▶ [Task statement]: Write every line below out again exactly, images omitted.

▶ [Given information]:
>>>>
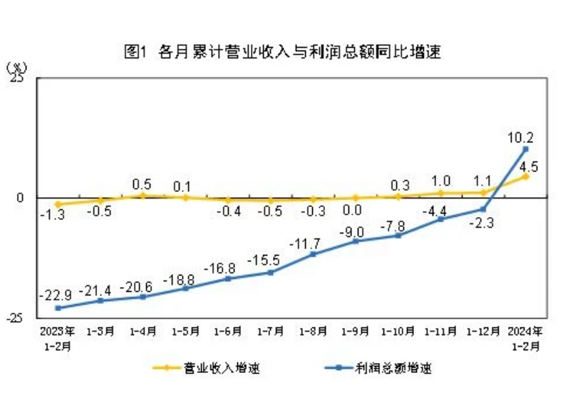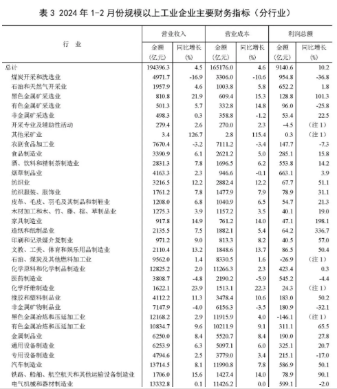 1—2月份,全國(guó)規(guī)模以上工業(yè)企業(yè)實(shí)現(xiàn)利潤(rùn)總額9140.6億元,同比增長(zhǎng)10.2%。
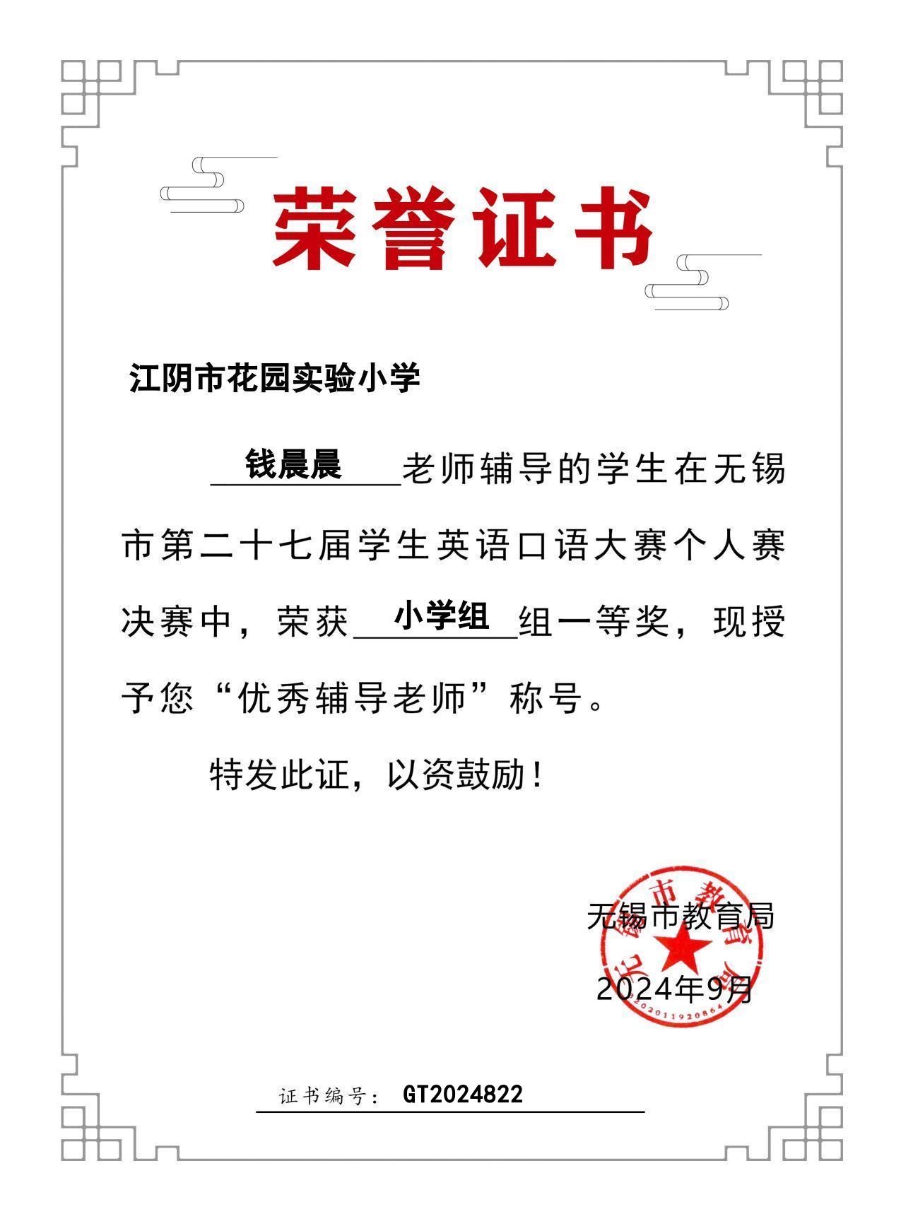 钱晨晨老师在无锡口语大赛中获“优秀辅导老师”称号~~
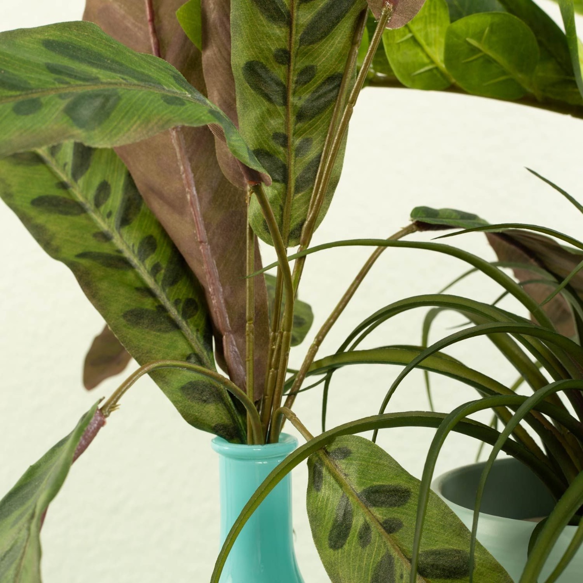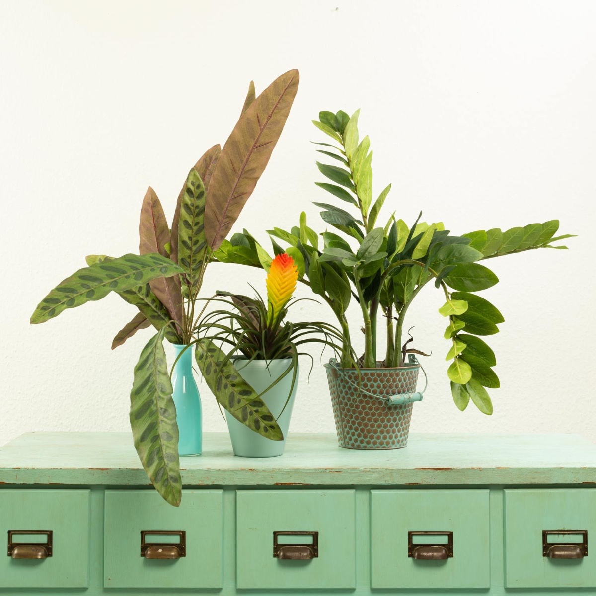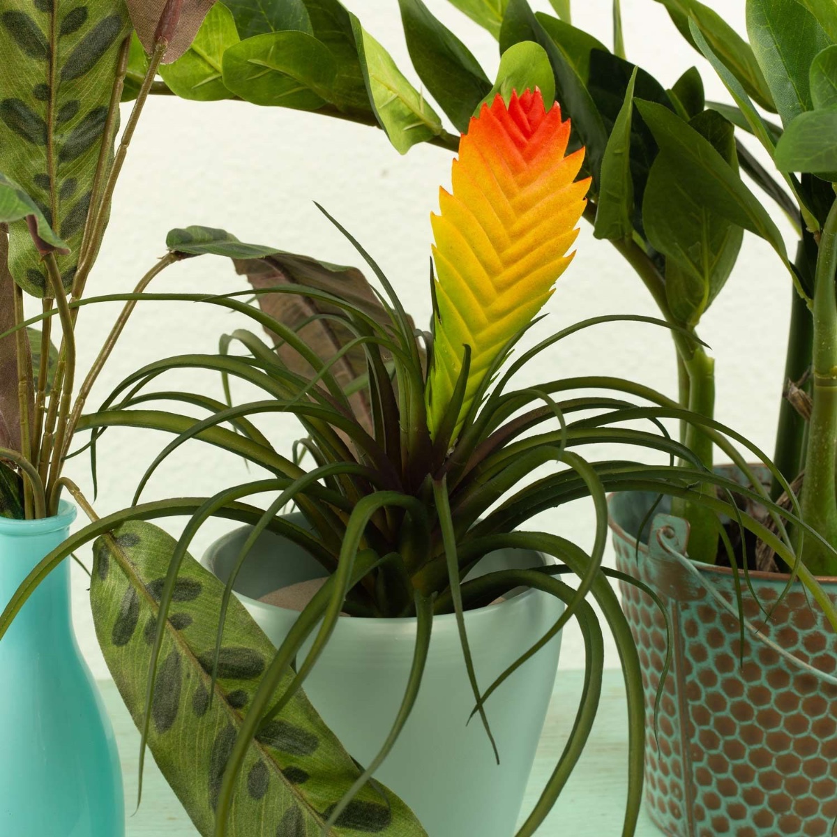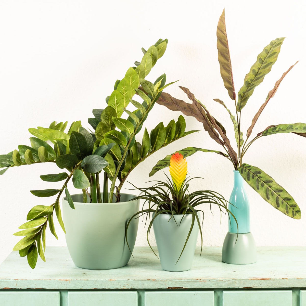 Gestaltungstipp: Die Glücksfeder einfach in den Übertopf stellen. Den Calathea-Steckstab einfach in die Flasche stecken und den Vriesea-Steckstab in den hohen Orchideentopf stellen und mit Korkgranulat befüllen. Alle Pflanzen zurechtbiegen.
<<<<
▶ [Written response]:
 1—2月份,全國(guó)規(guī)模以上工業(yè)企業(yè)實(shí)現(xiàn)利潤(rùn)總額9140.6億元,同比增長(zhǎng)10.2%。
 钱晨晨老师在无锡口语大赛中获“优秀辅导老师”称号~~
 Gestaltungstipp: Die Glücksfeder einfach in den Übertopf stellen. Den Calathea-Steckstab einfach in die Flasche stecken und den Vriesea-Steckstab in den hohen Orchideentopf stellen und mit Korkgranulat befüllen. Alle Pflanzen zurechtbiegen.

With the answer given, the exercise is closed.